L’ideatore della cerimonia si è subito premurato a spiegare che il suo aveva voluto essere un omaggio a un banchetto pagano degli dei dell’Olimpo stimolato da un quadro fiammingo del 1600, a sua volta ispirato dal Cenacolo leonardesco. Ora, a parte il fatto che una rappresentazione degli dei dell’Olimpo mi sarebbe sembrata più consona alle Olimpiadi di Atene, rimane la constatazione che sulla testa della signora oversize a centrotavola ci fosse un’aureola dorata, aureola che rievoca inevitabilmente la luce che irradia dagli ostensori eucaristici.

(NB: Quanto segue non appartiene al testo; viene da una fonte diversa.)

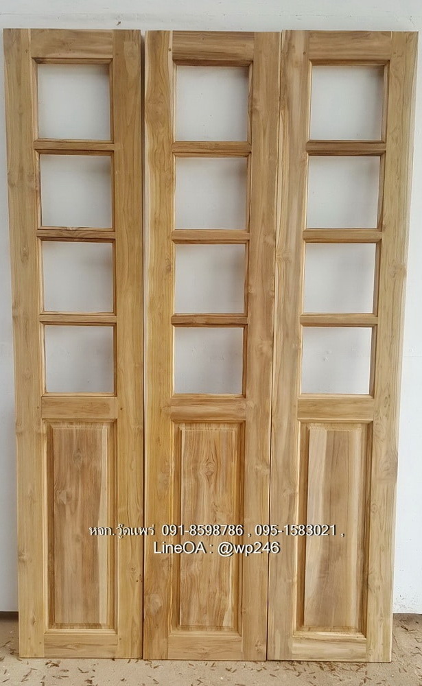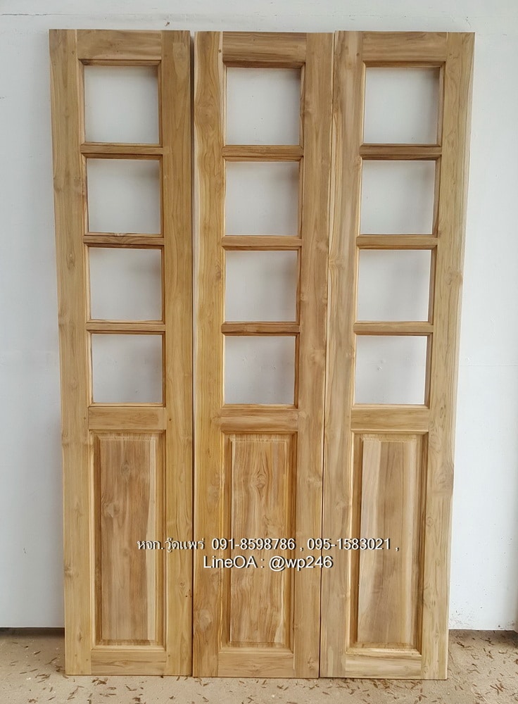 ประตูไม้สักบานเฟี้ยม A16 | วู้ดแพร่ งานไม้สักแท้ แข็งแรง ทนทาน มีให้เลือกทั้งไม้สักอบแห้ง ไม้สักเก่า รับสั่งผลิตตามแบบ

Quando ho sentito il regista parlare di audacia, mi è tornata in mente la goliardia. Avevo uno zio che da giovane era stato un grande goliardo e, con un gruppo di amici, aveva inscenato una processione mariana molto blasfema. Per questa ragione era stato espulso da tutte le università del paese. All’epoca la società era ancora legata al detto popolare: «Scherza con i fanti, ma lascia stare i santi». Per capire la realtà bisogna andare a fondo delle parole. Da dove viene il termine «goliardo»? Deriva direttamente dal personaggio biblico di Golia perché come dice il Dizionario Etimologico Zanichelli: «Nel Medioevo la figura del gigante era diventata un personaggio leggendario, simboleggiante Satana e tutti i vizi. E in quanto tale protettore dei clerici ribaldi». I chierici vaganti erano giovani che avevano avuto accesso agli studi e sentendosi superiori si divertivano a deridere i sentimenti del popolo. Tutt’ora la goliardia è legata all’ambiente universitario ed è diffusa da studenti che non hanno ancora assunto la responsabilità della vita sulle proprie spalle.
In un paese che ha dato i natali a Rimbaud, a Matisse, a Mallarmé, a Proust il fatto che questa goliardica passerella venga difesa in quanto arte è imbarazzante, ma quello che è ancora più imbarazzante è leggere le giustificazioni a posteriori degli ideatori della cerimonia. Se io tiro un sacco di spazzatura addosso a qualcuno, penso evidentemente di avere le mie ragioni e dunque rivendico con orgoglio l’azione fatta. Ma se lo lancio e dico: «scusate vi è arrivata addosso perché il vento è cambiato, non era mia intenzione aggredirvi», dimostro di essere quello che con un termine ormai desueto ma molto bello si definisce «pusillanime».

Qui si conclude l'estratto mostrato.